Left-Censored Students: A Flag, Not An Exclusion#
The window opens in winter 2024 and closes in fall 2025. Some students in the data failed their first NCLEX attempt before winter 2024, retook in the window, and so appear with Attempt Number = 2 or higher as their earliest row. They are left-censored: their first attempt is not visible.
A naive schema would exclude these students, on the reasoning that “first-time pass rate analysis needs visible first attempts.” A more careful schema flags them and lets each analysis decide what to do.
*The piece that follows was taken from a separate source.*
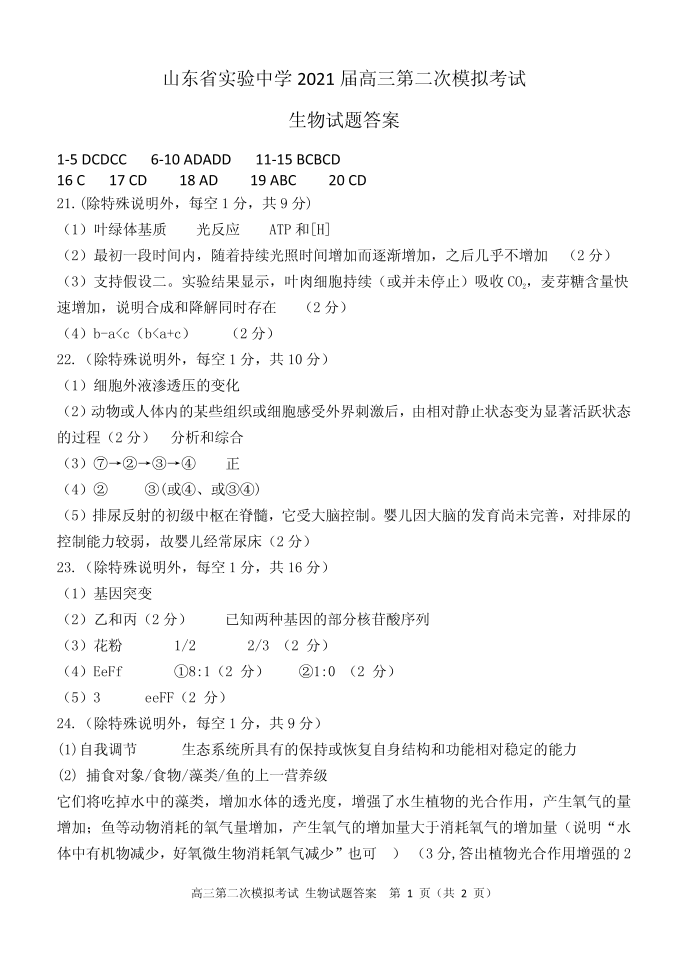 山东省实验中学2021.5考前模拟检测生物答案

-- Left-censored students: those whose earliest visible attempt is
-- not Attempt 1. The minority are 114 of 6,819, but they are real
-- students whose first attempts simply happened before the window.
SELECT
SUM(CASE WHEN first_visible_attempt = 1 THEN 1 ELSE 0 END) AS "First Attempt Visible",
SUM(CASE WHEN first_visible_attempt > 1 THEN 1 ELSE 0 END) AS "Left-Censored",
ROUND(100.0 * SUM(CASE WHEN first_visible_attempt > 1 THEN 1 ELSE 0 END)
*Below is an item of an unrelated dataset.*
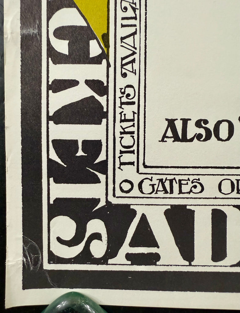 The poster is in very good condition, with handling bends throughout, a one-inch tear in the upper left edge that has been sealed on the back with clear tape. Additionally, there are three tape stains on the back. The poster measures 17" x 22".

/ COUNT(*), 2) AS "% Left-Censored"
FROM students;Run this query in Datasette Lite
Result:
| First Attempt Visible | Left-Censored | % Left-Censored |
|---|---|---|
| 6,705 | 114 | 1.67 |
114 students of 6,819 are left-censored, 1.67 percent of the population. The number is small but real. Phase 03’s first-time pass rate analysis filters them out (WHERE first_visible_attempt = 1); phase 04’s retake analysis includes them, because their retake patterns are real even if their first-attempt failures predate the window. Flagging rather than excluding is what lets each phase make the call rather than forcing one decision at build time.
Looking Ahead#
Phase 03 (Exploration) takes the schema as given and runs the orientation queries: first-time pass rates by region, campus, program, and cohort, with confidence intervals computed inline in SQL using the standard 1.96 * SQRT(p * (1 - p) / n) formula. The campus spread phase 01 surfaced gets its first full breakdown with sample-size context. The cohort trend across the two-year window gets its first visualization. The retake-attempt distribution and the time-from-graduation-to-test multimodal pattern get their first development.
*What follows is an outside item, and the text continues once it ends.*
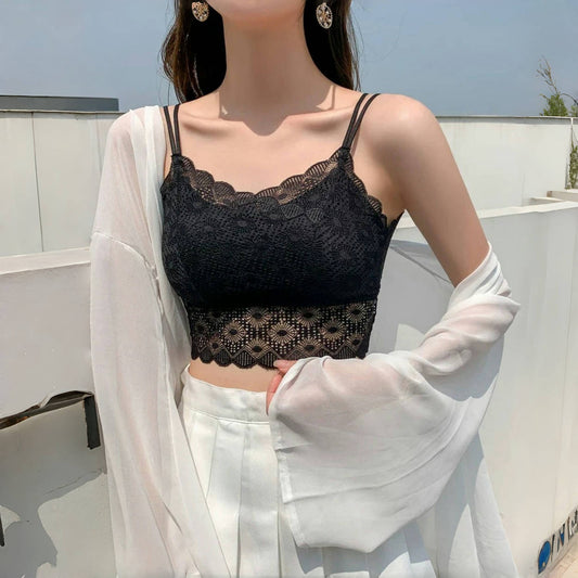 【トップス】 夏 レース 無地 透かし彫り キャミソール

Phase 04 (Findings) develops the three threads worth following at depth: the campus spread and what its size implies about where intervention should focus, the post-2023 cohort decline running roughly twice the national rate, and the retake conversion rate that runs about nine percentage points above the NCSBN national benchmark. The predictive-modeling discussion at the end of phase 04 switches briefly to R for the logistic regression and AUC discussion, where SQL hits its analytical ceiling.